Reproduce every line of the data, exactly and without its pictures.

▶ Material provided:

=== Section Start ===

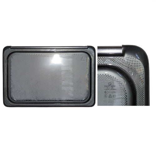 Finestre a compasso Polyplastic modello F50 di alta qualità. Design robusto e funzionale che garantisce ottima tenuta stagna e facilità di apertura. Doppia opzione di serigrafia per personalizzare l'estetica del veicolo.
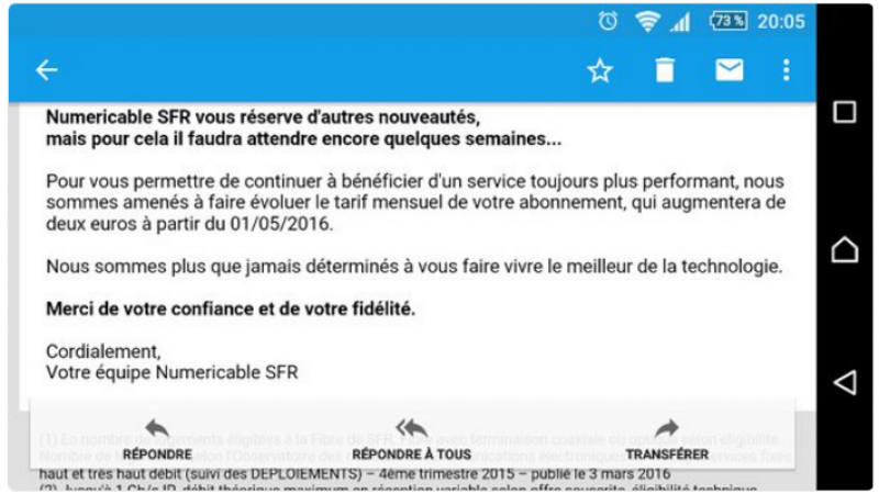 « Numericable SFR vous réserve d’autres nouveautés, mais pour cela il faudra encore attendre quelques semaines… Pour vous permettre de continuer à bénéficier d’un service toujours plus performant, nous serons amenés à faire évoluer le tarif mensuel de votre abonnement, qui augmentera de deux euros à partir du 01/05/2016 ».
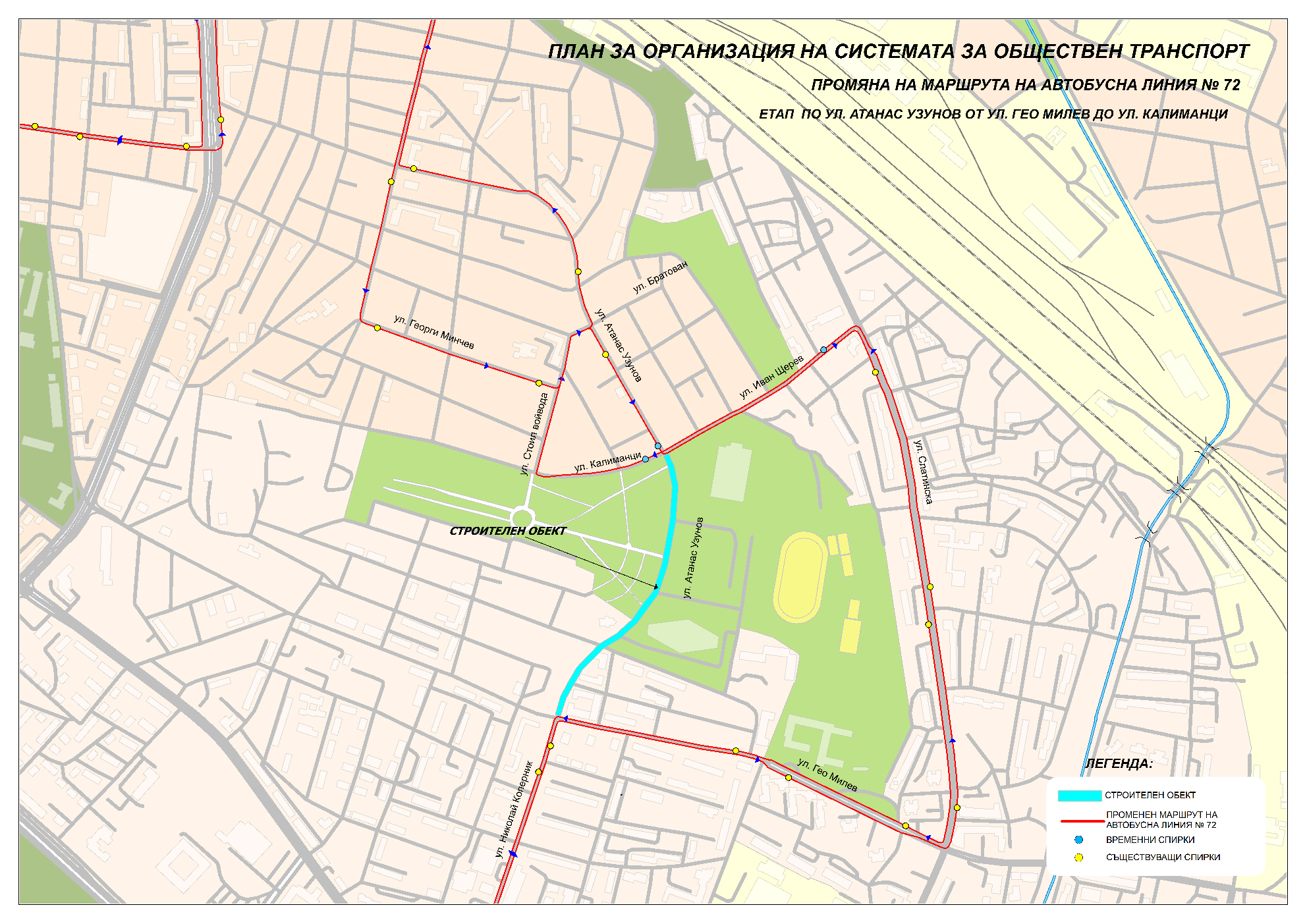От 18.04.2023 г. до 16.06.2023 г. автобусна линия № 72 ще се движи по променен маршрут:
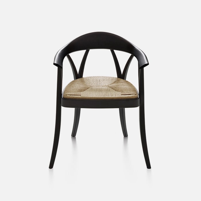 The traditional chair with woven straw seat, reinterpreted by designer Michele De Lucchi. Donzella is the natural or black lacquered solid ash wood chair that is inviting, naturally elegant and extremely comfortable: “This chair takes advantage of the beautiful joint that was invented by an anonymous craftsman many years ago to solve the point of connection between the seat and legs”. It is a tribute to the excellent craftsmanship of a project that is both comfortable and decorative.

=== Section End ===

▶ Result for this task:
 Finestre a compasso Polyplastic modello F50 di alta qualità. Design robusto e funzionale che garantisce ottima tenuta stagna e facilità di apertura. Doppia opzione di serigrafia per personalizzare l'estetica del veicolo.
 « Numericable SFR vous réserve d’autres nouveautés, mais pour cela il faudra encore attendre quelques semaines… Pour vous permettre de continuer à bénéficier d’un service toujours plus performant, nous serons amenés à faire évoluer le tarif mensuel de votre abonnement, qui augmentera de deux euros à partir du 01/05/2016 ».
От 18.04.2023 г. до 16.06.2023 г. автобусна линия № 72 ще се движи по променен маршрут:
 The traditional chair with woven straw seat, reinterpreted by designer Michele De Lucchi. Donzella is the natural or black lacquered solid ash wood chair that is inviting, naturally elegant and extremely comfortable: “This chair takes advantage of the beautiful joint that was invented by an anonymous craftsman many years ago to solve the point of connection between the seat and legs”. It is a tribute to the excellent craftsmanship of a project that is both comfortable and decorative.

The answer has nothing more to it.